Michael is a graduate student at Emory University getting his PhD in American Religious Cultures. His work focuses on North American Jews and therapeutic culture. He is a Fellow of the Tam Institute of Jewish Studies at Emory, and an alumnus of the Atlanta 2005 Wexner Heritage Program.
Purim was wonderful this year. My three children really get into the joy of the holiday. They eagerly anticipate shaloch manot deliveries, filled with treats; shaking their groggers vociferously at the sound of Haman’s name, and dressing up in costumes. Yes, even my teenagers love going to school in costumes. Purim seems to bring out their innocence, creativity, and joy. At times like these, children seem to live every moment in the present, fully creative and fully free. In their innocence, they can imagine a world full of miracles and joy. When I see this in mine and other children, I have hope for the future.
Yet, at the same time, we are bombarded daily with horrific headlines from TV, radio, newspapers, and the Internet. Famine, murder, war, terrorism, nuclear threat, crime, genocide, malaria, poverty, global warming, natural disaster—some days it feels like that is all we see or hear. How do we go on in the midst of such horror? Where do we go from here? How do we send our children into a world like this? How can our children be a blessing in the world?
The Maggid of Dubno (c. 1740-1804) tells a beautiful story about the power of children. As the story goes, there was a large family that lived in a village in a clearing in the forest. The parents loved their children very much, and wanted to protect them from all of the possible dangers of the world. Every night before bed, the father locked the house up tight, securing all of the windows and barricading the doors. “You can never be too safe!” he would say to himself proudly. One night, the parents awoke to the terrifying smell of smoke. The smoke was filling the house. They quickly jumped out of bed and went room-to-room gathering all of their children. When they got to the front door, they couldn’t get out. It was stuck. The parents desperately ran to each window to find an escape, only to find that each was also stuck as if locked from the outside. They did not know how they were going to get out of the house rapidly filling with toxic smoke and fire. The youngest child yelled to his father that he had found a small opening in one of the windows. Unfortunately, the opening was far too small for anyone in the family to fit through, except for this youngest little boy. The father quickly lifted the child through the window, and he ran into the village to get help. Moments later a group of people came back to the house and using a battering ram, smashed down the front door and saved the family. The Maggid concludes the story by saying, “just as sometimes the smallest child can fit through the cracks of the house to save the whole family, so too do the prayers of children fit through the cracks of Heaven to reach God to save us all.”
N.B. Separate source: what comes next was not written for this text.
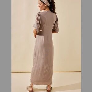 Button-front design, knotted bust detail, subtle puffed sleeves, ruching throughout

Yet every terrorist was once a child. Their freedom, creativity, and pure potentiality can also be turned towards evil. Children are not the hope of the future, unless we nurture them, love them, and teach them to really see the world and question it.
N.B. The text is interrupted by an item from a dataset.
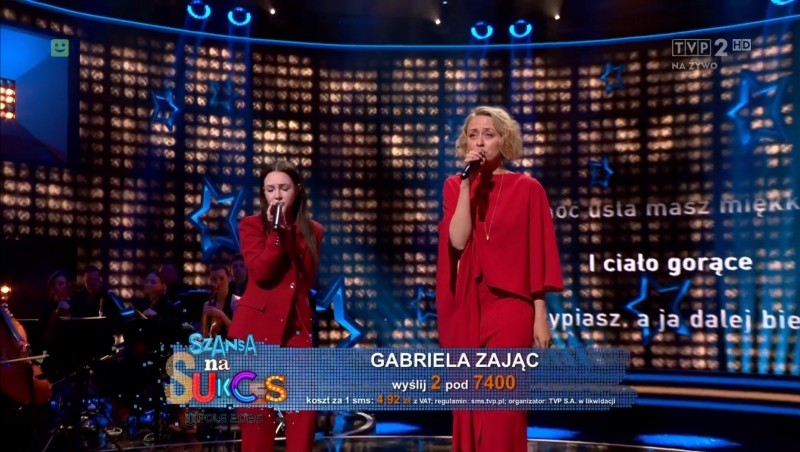 Trwa Wielki Finał Szansy na Sukces! Już teraz na antenie TVP2 Gabriela Zając z Tarnogrodu walczy o zwycięstwo i udział w Krajowym Festiwalu Piosenki Polskiej w Opolu.

At my first Wexner summer retreat, Rabbi Ed Feinstein gave an explanation of the story of Moses’ birth, early years and, finally, his saving a Jewish slave that can help us understand what I mean by seeing the world. In the Torah, the entire story from Moses’ birth until the time he kills the Egyptian comprises just twelve verses. In those twelve verses forms of the verb “to see” are used six times, and many times in unusual ways. Why is “to see” so important to this story? Rabbi Feinstein explains that all of the essential characters in this short story had an ability to see beyond what they were being told to see by their society and its leaders. When Moses was born, his mother “saw that he was good,” and did not allow him to be put to death, which were Pharaoh’s orders for all Jewish male babies at that time. Pharaoh’s daughter spied the reed basket floating in the Nile and saw that he was a Hebrew child, and chose to save him and raise him in the Royal Palace, despite the orders of genocide by her father.
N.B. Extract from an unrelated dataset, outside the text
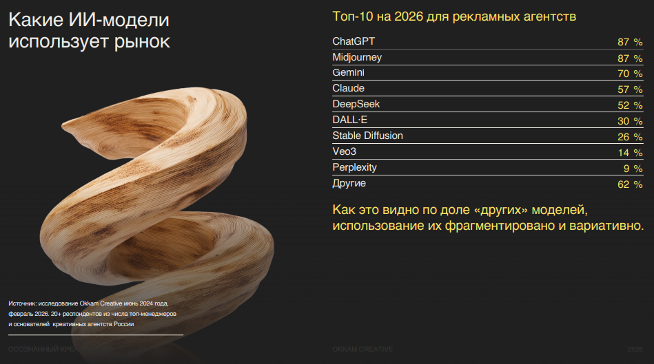 По данным исследования, ИИ используют 100% опрошенных рекламных агентств. Рынок охватывает широкий спектр моделей: лидерами стали ChatGPT и Midjourney (по 87% агентств). ChatGPT — универсальный инструмент для текстов, аналитики, ресерча и работы с документами. Midjourney — стандарт для генерации визуалов и быстрых креативных прототипов. Далее следуют Gemini (70%), который востребован за счет интеграции с экосистемой Google, и Claude (57%). Последнюю нейросеть чаще применяют для анализа и обработки больших объемов текста. Всего в ходе исследования респонденты упомянули более 20 различных ИИ-моделей. Помимо глобальных лидеров, в агентствах используют нишевые и региональные решения — от бесплатного китайского DeepSeek до российских нейросетей. Таким образом агентства подбирают инструменты под конкретные задачи, активно исследуя рынок.

Finally when, Moses encounters a slave being beaten, he is shocked and looks from side to side to see if anyone else sees what is happening. While every Egyptian of the day looked out on the landscape and saw tremendous economic prosperity and progress—pyramids, temples storehouses being built all around—Moses saw the human impact, the slavery, brutality, and genocide. He was able to see this injustice despite having been raised in the royal palace with power, wealth, and privilege.
Similarly today, many people walk into our mega shopping stores and all they see is prosperity and progress—cheap prices and all the goods one could ever want. Others see, instead, the unfair working conditions, child labor, sweatshops, and inequitable distribution of wealth that often enables that “prosperity.” As adults, we must seek to teach our children to understand the myths within which they live, to see the world and question it. It has been said that prophecy is simply seeing the world as it really is. Let’s teach our children to be prophets, so their prayers can reach into Heaven.